American water polo player (born 1973)

Heather Moody (born August 21, 1973) is an American water polo player, who won a silver medal at the 2000 Summer Olympics. She was team captain of the US Women's National Team that captured the bronze medal at the 2004 Summer Olympics in Athens, and the only member of the team not from California. Her position is center forward.

== Life ==
Moody went to college at San Diego State University where she was a member of the Water Polo team.

In 1999 and 2001, Moody was United States Water Polo Player of the Year.

In June 2005, Bill Barnett resigned as coach of the U.S. women's water polo team because he couldn't come to terms on a contract.
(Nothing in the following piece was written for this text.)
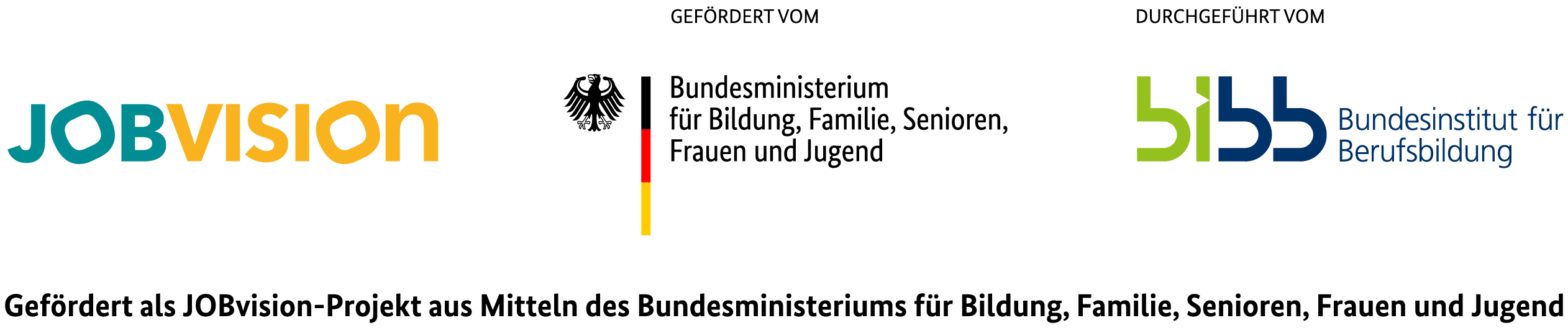 Mit der Initiative JOBvision fördert das Bundesministerium für Bildung, Familie, Senioren, Frauen und Jugend bundesweit Projekte, die innovative Lösungen für kleine und mittlere Unternehmen (KMU) entwickeln und erproben, um vakante Ausbildungsplätze nachhaltig zu besetzen, den Fachkräftebedarf in KMU zu decken und die duale Ausbildung zu modernisieren. Durchgeführt wird die Initiative vom Bundesinstitut für Berufsbildung (BIBB)

Heather Moody, then assistant coach, became interim head coach at the FINA World Championships in Montreal one month later. The rookie coach guided the United States to the championship game in women's water polo in July 2005, but lost to Hungary 10-7 in two overtimes. In September, Guy Baker replaced Heather Moody as head coach of the U.S. women's water polo team, leaving his positions as national team director and head coach of the U.S. men. Moody resumed the role of assistant coach.

In February 2007, Moody was inducted into the New York Athletic Club (NYAC) Hall of Fame with fellow Olympic medalists Natalie Golda and Nicolle Payne. The three women were members of the bronze medal 2004 U.S. Olympic team in Athens, and are the first women added to the NYAC Hall of Fame.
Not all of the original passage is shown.